63. yayın yılına girmek üzere olan Sigorta Dünyası’nın en çok ilgi gören köşelerinden biri olan, geçmiş zaman haberlerine yer verdiğimiz “Arşivden” sayfasını sitemize taşıyoruz. Bundan böyle bu kategori başlığı altında, Sigorta Dünyası’nda yayınlanan ayın Arşivden sayfasına yer vereceğiz. İyi okumalar dileriz.
****
Başlığı gördüğünüzde hayat sigortasının günümüzdeki durumundan bahsedildiğini sanabilirsiniz. Ancak, başlık ve altındaki yazı yaklaşık 50 yıl öncesine ait. Sigorta Dünyası’nın o zamanki “Sahibi, Başyazarı ve Yazı İşlerini Fiilen İdare Eden Mes’ul Müdürü” Selim Cavit Yazman, yazısında dünyada en önemli sigorta dallarından biri olan hayat sigortacılığının ülkemizdeki içler acısı durumuna değinerek bunun başlıca nedenleri ve çözüm yolları üzerinde duruyor.
***
Sigortacılıkla az çok ilgisi olan herkesin bildiği şeydir; gelişmiş ülkelerde ve dünya genelinde sigorta primi üretiminin yaklaşık yarısını hayat sigortası primleri oluşturur. Bizde ise bu oran yüzde 15’i bile bulmaz; o da çoğunlukla banka kredileriyle birlikte satılan, çoğu sigortalının tam olarak ne satın aldığını bile bilmediği hayat sigortalarından oluşur.

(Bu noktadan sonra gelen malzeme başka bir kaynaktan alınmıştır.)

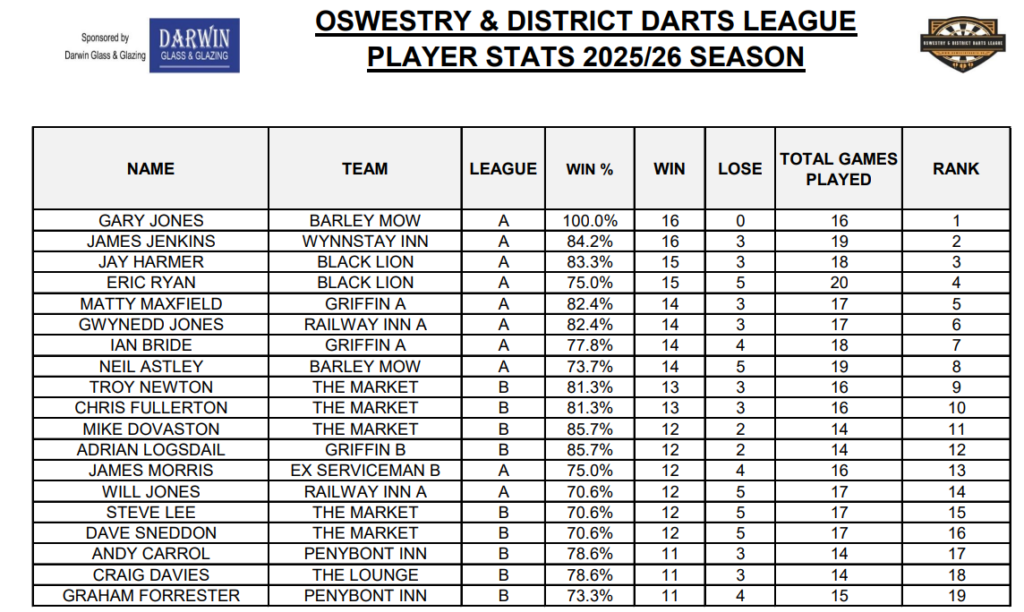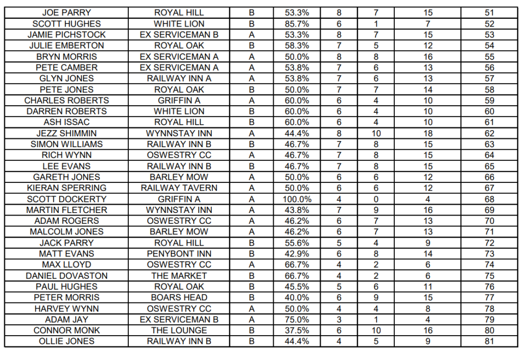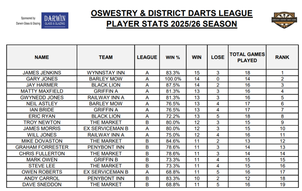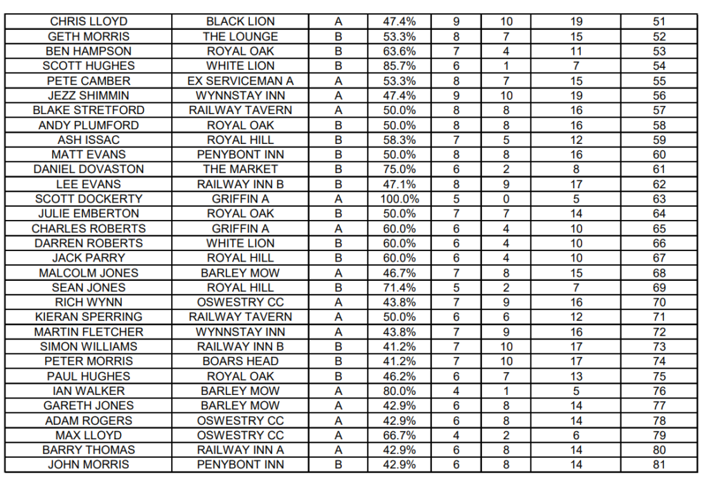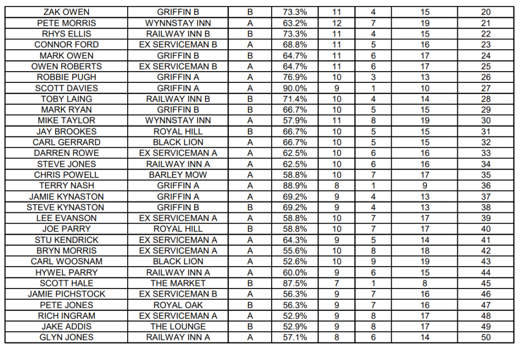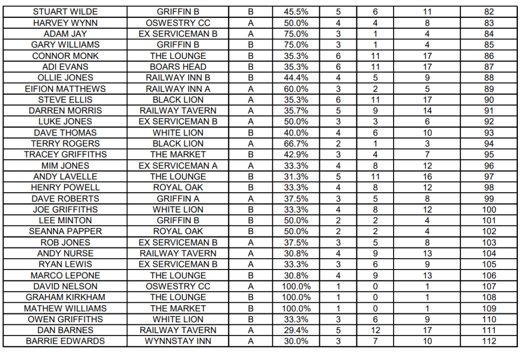 - Players that are registered with the league but have played no games will not be shown in the table.

Selim Cavit Yazman, yazısında, “Batılı sigorta şirketleri durmak bilmez bir çalışma içinde hayat sigortasını en cazip hale, en ziyade güvenilir hale getirmişler, sigorta olacaklara kaçınılması imkansız avantajlar sağlamışlar, yüzde yüz gözle görülür ve elle tutulur kuvvetli ve inandırıcı misaller gösteregelmişlerdir.
Halbuki bizde hayat sigortacılığı yıllardan beri ilerleme kaydetmek şöyle dursun, aksine olarak bir gerileme, hatta hatta büsbütün yok olma tehlikesi içinde olduğu hayret ve esefle görülmektedir.” diyor ve ilgililerin bu makus talihi değiştirecek herhangi bir tedbir almadığını vurguluyor.

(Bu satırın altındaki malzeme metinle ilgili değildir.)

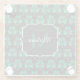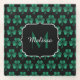 Emerald Green Sparkle Shamrock black Monogram Glass Coaster
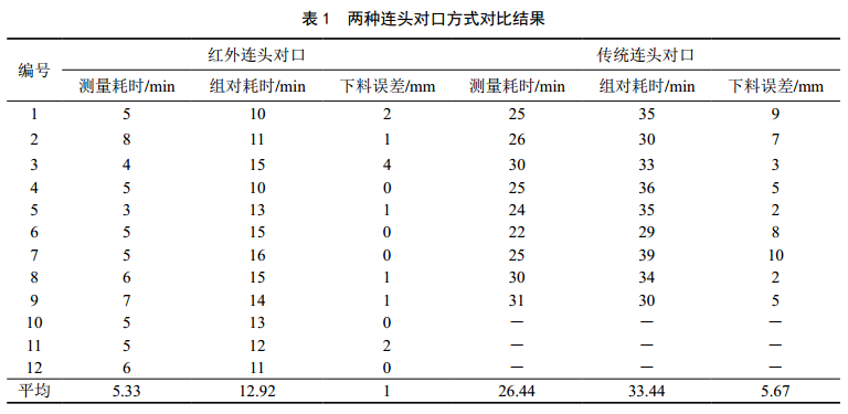 現(xiàn)場(chǎng)使用時(shí),首先將紅外連頭對(duì)口裝置安裝在兩段長(zhǎng)輸管道管口的圓心處,紅外線發(fā)射器與安裝在另一端管道的紅外線接收器相對(duì)。調(diào)整轉(zhuǎn)向球使紅外線直接照射在接收器上,固定紅外線發(fā)射器和接收器,使兩端管道管口圓心處在同一條直線上。分別在兩端管道使用弓型直角尺畫(huà)出切割標(biāo)記線,標(biāo)記線圍成的圓形平面與紅外線相垂直,測(cè)量?jī)蓚(gè)平面之間的距離,即得出下料長(zhǎng)度。該裝置經(jīng)揭陽(yáng)維搶修隊(duì)用于DN 800閩粵支干線工程和揭陽(yáng)分輸站改擴(kuò)建工程中,與傳統(tǒng)連頭對(duì)口測(cè)量方式對(duì)比(表 1),結(jié)果表明,使用該裝置能夠降低下料誤差,明顯縮短施工時(shí)間。

Prodüktörlerin sigorta sahteciliği
Yazman, hayat sigortasındaki olumsuz durumun nedenlerini sıralarken sektördeki mesleki eğitim yetersizliğinden, fırsatçı ve kötü niyetli sigorta prodüktörlerinin sahtekârlıklarından (Yazman’ın aktardığına göre, söz konusu prodüktörler bazı hekimlerle işbirliği yaparak sağlığı yerinde olmayan vatandaşlara sağlıklı raporu çıkartıyor, bu kişiler kısa bir süre sonra hayatını kaybedince de şirketler büyük tazminatlar ödemek zorunda kalıyormuş) bahsederek bu konularda gerekli revizyonların yapılmasını öneriyor.

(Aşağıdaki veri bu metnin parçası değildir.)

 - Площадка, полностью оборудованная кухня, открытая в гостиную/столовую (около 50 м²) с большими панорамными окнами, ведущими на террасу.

Yazman’ın bahsettiği sigorta sahtekarlıkları spesifik bir durum olabilir. Hayat sigortalarındaki geriliğin esas nedenleri arasında da yer almayabilir. Ancak öyle ya da böyle, belli ki ülkemizde hayat sigortasının önemi baştan beri anlaşılamamış. Vatandaş lüks bir harcama olarak bakmış; sektör biraz da ilgisizliğin ve rantabl olmayışının verdiği yılgınlıkla bu alana yeterince odaklanmamış; düzenleyici otorite hayat sigortasındaki sorunlarla uğraşmayı bir nevi angarya olarak görmüş. Bu faktörler toplumumuzdaki genel sigorta bilincinin yetersizliği, sigortaya kaynak ayırabilecek kesimin azlığı, kronikleşmiş yüksek enflasyon nedeniyle sağlıklı aktüaryel hesap yapılamayışı ve hayat sigortası satışlarında yaşanmış kötü örnekler ile birleşince de hayat branşının kaderi belli olmuş.